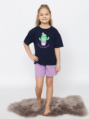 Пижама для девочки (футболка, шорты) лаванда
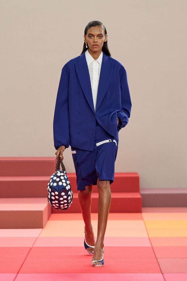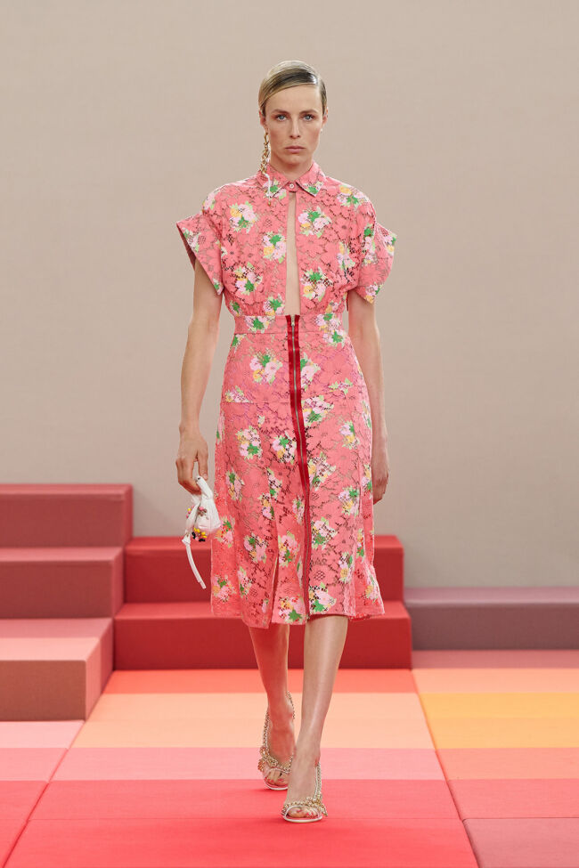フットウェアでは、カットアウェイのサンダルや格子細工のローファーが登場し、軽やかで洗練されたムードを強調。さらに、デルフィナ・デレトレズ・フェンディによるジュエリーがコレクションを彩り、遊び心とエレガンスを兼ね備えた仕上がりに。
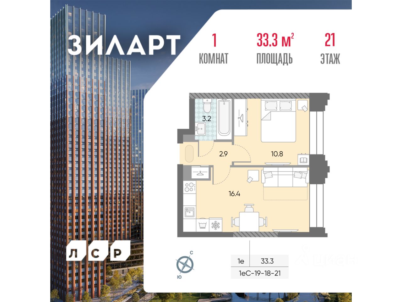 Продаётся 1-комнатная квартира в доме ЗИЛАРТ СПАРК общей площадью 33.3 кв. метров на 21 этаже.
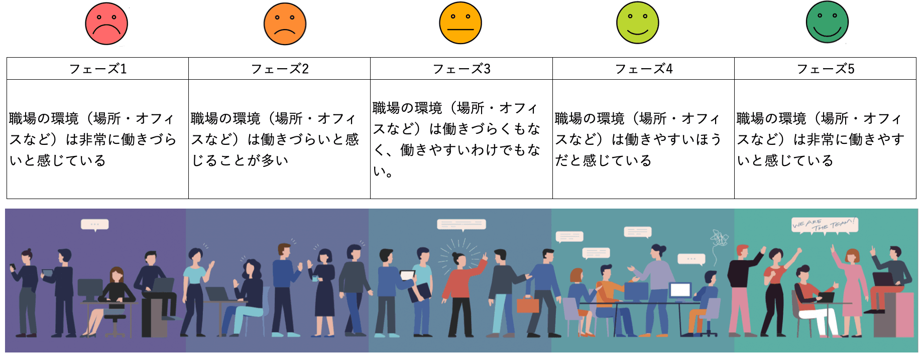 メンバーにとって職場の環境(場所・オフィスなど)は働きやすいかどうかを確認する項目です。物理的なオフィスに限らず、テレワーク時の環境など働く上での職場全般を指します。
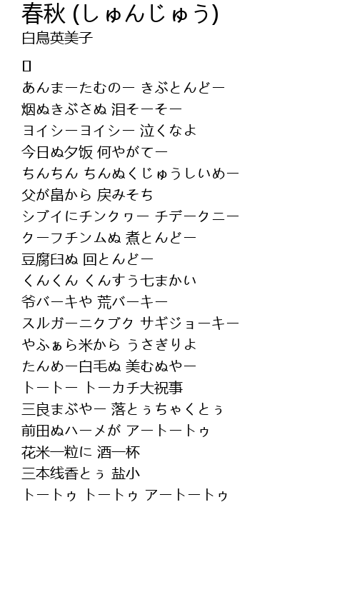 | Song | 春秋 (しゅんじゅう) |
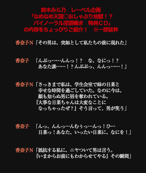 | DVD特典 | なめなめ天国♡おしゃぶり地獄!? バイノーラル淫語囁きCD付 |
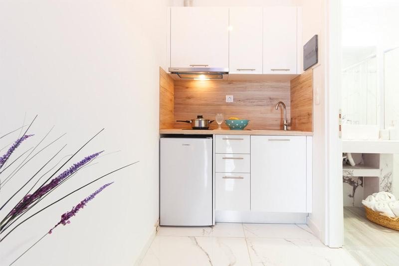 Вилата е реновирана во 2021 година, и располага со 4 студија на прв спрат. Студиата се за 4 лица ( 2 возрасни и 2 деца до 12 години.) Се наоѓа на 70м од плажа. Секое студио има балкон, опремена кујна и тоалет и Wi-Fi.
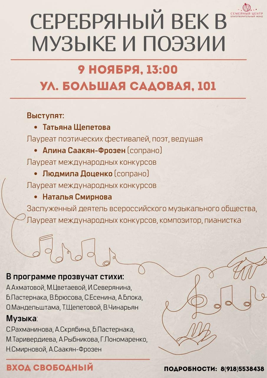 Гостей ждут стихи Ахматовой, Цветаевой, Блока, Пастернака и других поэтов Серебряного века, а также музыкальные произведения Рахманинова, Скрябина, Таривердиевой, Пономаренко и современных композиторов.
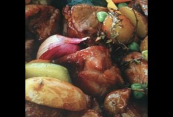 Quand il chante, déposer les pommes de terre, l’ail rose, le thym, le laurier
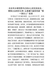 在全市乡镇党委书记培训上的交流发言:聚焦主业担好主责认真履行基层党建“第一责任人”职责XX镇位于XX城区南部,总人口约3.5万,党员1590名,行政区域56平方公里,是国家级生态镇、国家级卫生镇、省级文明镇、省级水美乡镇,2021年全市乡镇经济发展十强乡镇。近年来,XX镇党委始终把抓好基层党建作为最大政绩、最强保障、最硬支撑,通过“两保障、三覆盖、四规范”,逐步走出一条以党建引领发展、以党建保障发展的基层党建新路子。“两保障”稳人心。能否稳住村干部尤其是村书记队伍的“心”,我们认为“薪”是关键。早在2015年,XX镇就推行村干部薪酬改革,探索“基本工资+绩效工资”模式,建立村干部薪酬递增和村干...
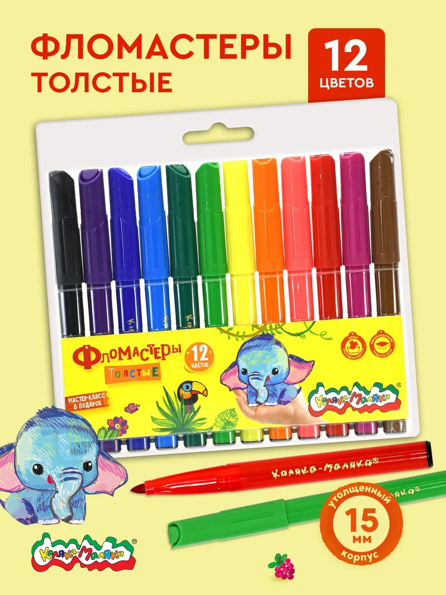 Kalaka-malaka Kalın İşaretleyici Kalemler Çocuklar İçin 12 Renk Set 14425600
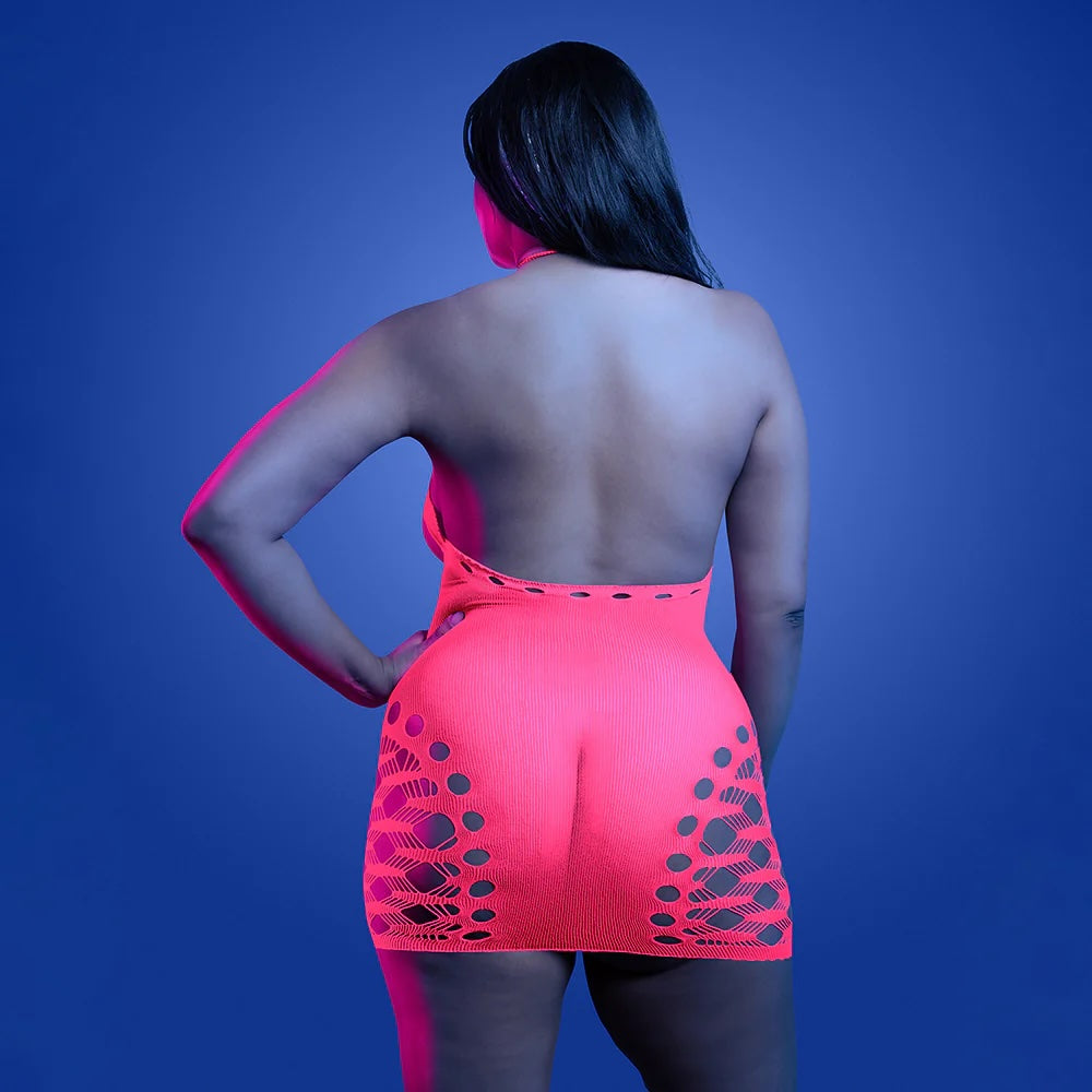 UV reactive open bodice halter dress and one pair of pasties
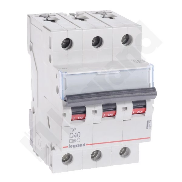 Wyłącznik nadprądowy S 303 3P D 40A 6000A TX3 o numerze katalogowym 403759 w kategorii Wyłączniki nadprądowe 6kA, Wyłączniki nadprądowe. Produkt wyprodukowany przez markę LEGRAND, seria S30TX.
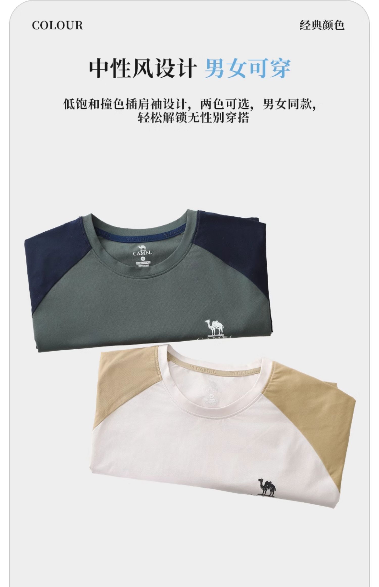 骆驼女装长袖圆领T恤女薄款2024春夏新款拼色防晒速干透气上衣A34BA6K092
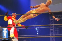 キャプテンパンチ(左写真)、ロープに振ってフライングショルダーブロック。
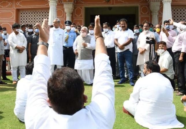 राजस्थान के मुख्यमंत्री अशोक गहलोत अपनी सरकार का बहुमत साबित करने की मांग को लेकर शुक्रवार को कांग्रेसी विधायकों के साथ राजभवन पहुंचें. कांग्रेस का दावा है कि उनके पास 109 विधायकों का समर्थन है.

-------

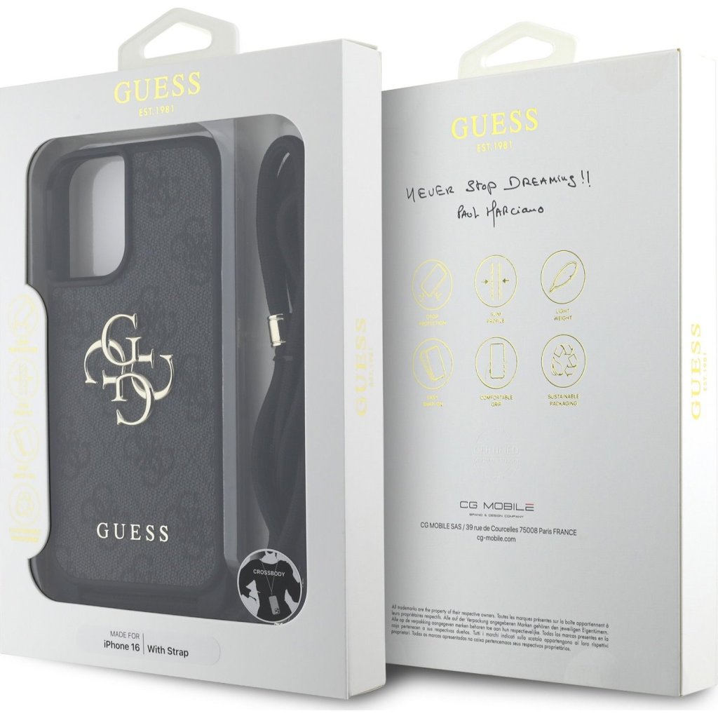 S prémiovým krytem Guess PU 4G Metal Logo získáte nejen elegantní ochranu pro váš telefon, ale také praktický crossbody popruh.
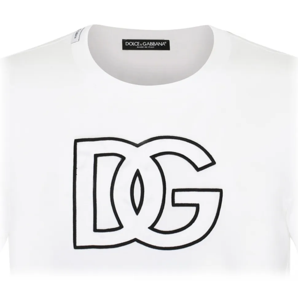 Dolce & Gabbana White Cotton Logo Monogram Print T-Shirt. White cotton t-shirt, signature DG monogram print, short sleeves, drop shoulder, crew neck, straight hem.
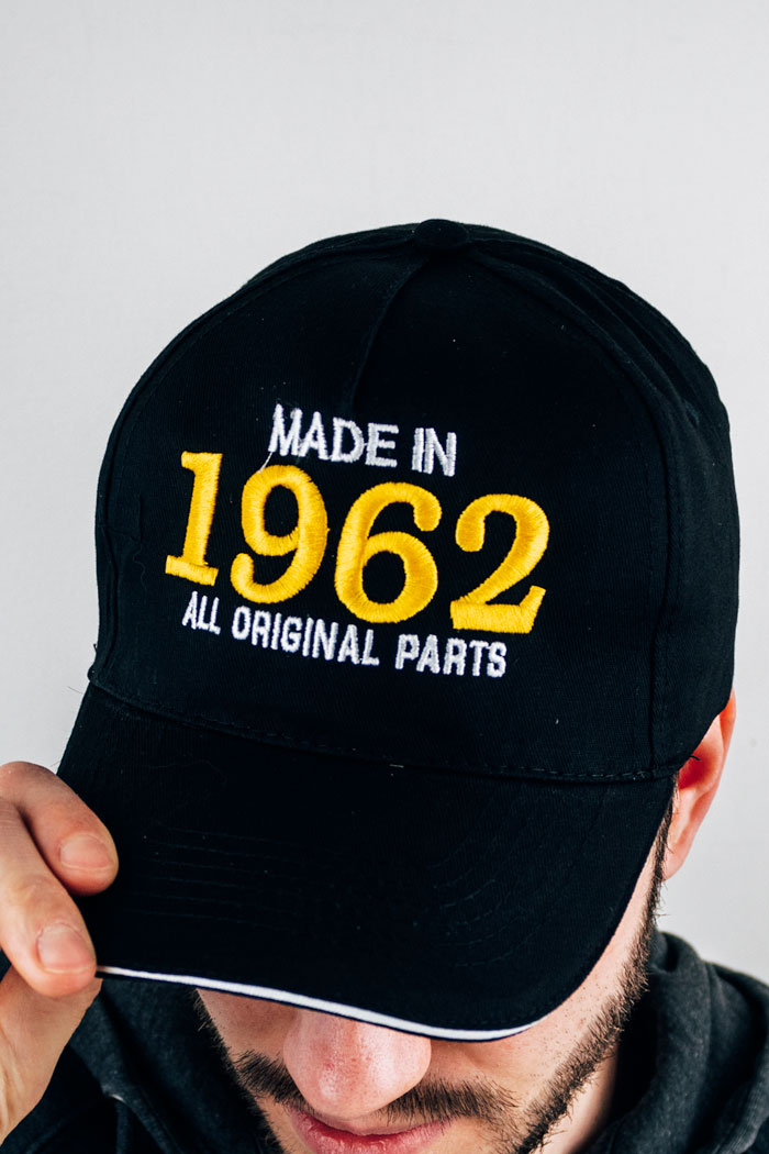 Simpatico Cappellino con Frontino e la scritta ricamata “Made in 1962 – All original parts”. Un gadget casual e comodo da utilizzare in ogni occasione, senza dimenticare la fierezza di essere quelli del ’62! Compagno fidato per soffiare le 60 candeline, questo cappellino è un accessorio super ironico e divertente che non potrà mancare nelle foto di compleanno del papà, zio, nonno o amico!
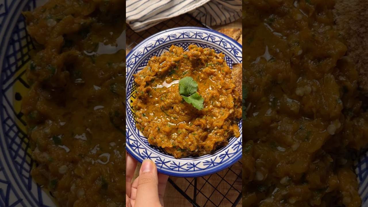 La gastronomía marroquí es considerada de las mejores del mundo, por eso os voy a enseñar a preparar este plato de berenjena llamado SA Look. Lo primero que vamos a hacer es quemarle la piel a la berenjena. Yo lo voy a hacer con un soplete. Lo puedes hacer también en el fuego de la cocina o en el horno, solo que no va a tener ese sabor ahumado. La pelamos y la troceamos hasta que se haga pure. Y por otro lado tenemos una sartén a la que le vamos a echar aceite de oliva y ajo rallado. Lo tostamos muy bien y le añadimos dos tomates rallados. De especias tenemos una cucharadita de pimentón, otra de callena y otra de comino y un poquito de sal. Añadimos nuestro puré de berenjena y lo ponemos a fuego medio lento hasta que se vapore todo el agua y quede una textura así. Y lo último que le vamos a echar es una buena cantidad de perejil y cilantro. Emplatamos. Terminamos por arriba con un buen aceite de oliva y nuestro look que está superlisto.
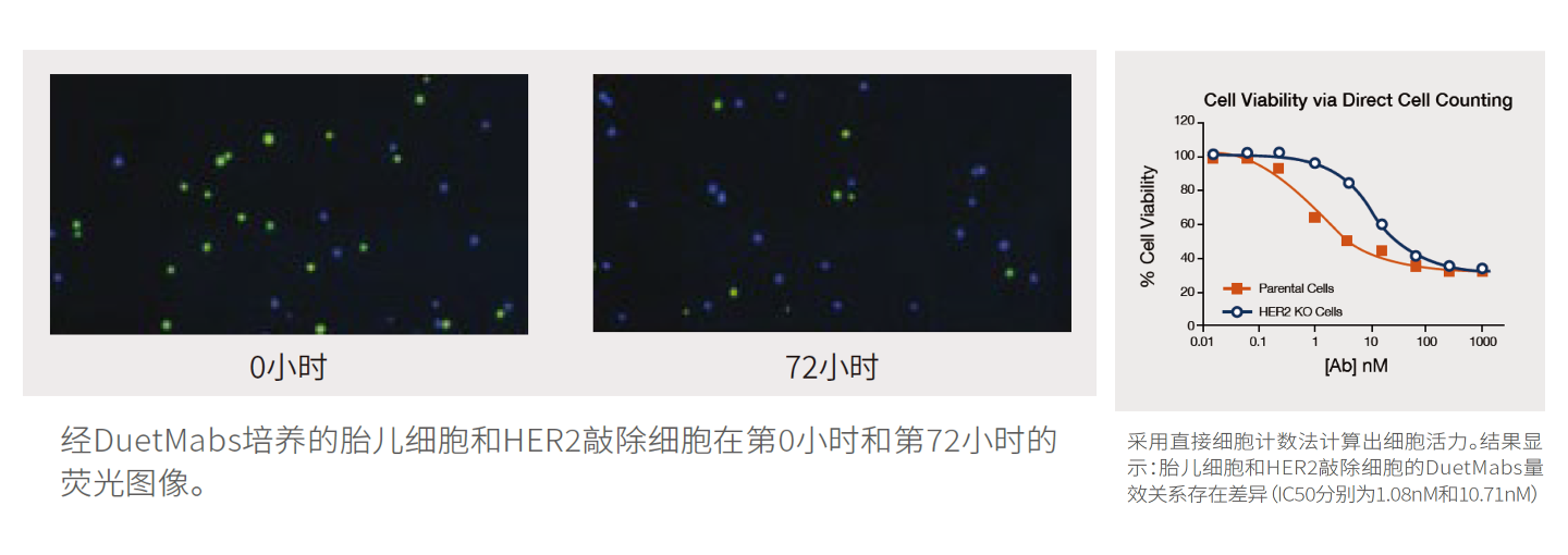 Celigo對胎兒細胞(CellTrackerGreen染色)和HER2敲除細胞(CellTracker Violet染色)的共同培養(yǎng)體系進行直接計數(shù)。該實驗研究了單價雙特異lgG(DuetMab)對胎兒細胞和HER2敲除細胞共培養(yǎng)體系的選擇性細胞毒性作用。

-------

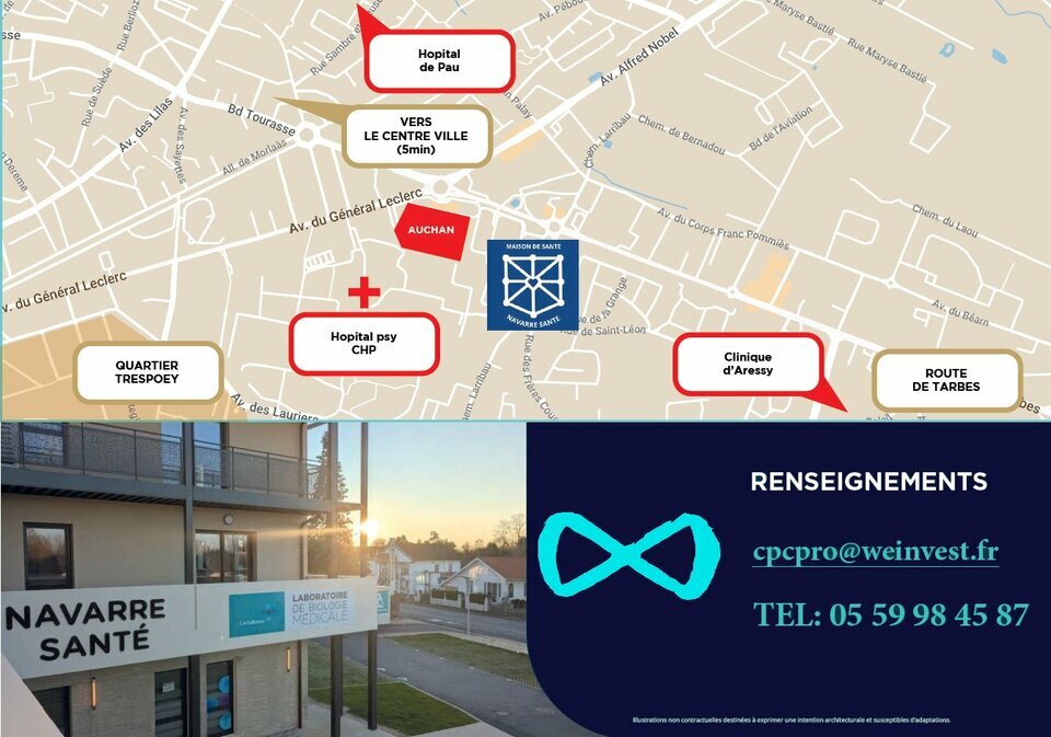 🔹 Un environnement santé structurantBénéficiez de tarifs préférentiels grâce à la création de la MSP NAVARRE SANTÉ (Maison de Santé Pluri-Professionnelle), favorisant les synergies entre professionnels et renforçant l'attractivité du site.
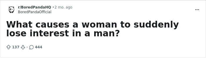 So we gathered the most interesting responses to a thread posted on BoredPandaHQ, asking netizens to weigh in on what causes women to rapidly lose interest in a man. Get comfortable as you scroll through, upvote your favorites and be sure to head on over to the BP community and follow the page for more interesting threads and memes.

-------

- [Exercise goal]:
Here the job is to copy the listing above word for word, starting at the line with "春秋 (しゅんじゅう) |" and ending at the line with "Quand il chante, déposer", and to leave out the pictures.

- [Exercise result]:
 | Song | 春秋 (しゅんじゅう) |
 | DVD特典 | なめなめ天国♡おしゃぶり地獄!? バイノーラル淫語囁きCD付 |
 Вилата е реновирана во 2021 година, и располага со 4 студија на прв спрат. Студиата се за 4 лица ( 2 возрасни и 2 деца до 12 години.) Се наоѓа на 70м од плажа. Секое студио има балкон, опремена кујна и тоалет и Wi-Fi.
 Гостей ждут стихи Ахматовой, Цветаевой, Блока, Пастернака и других поэтов Серебряного века, а также музыкальные произведения Рахманинова, Скрябина, Таривердиевой, Пономаренко и современных композиторов.
 Quand il chante, déposer les pommes de terre, l’ail rose, le thym, le laurier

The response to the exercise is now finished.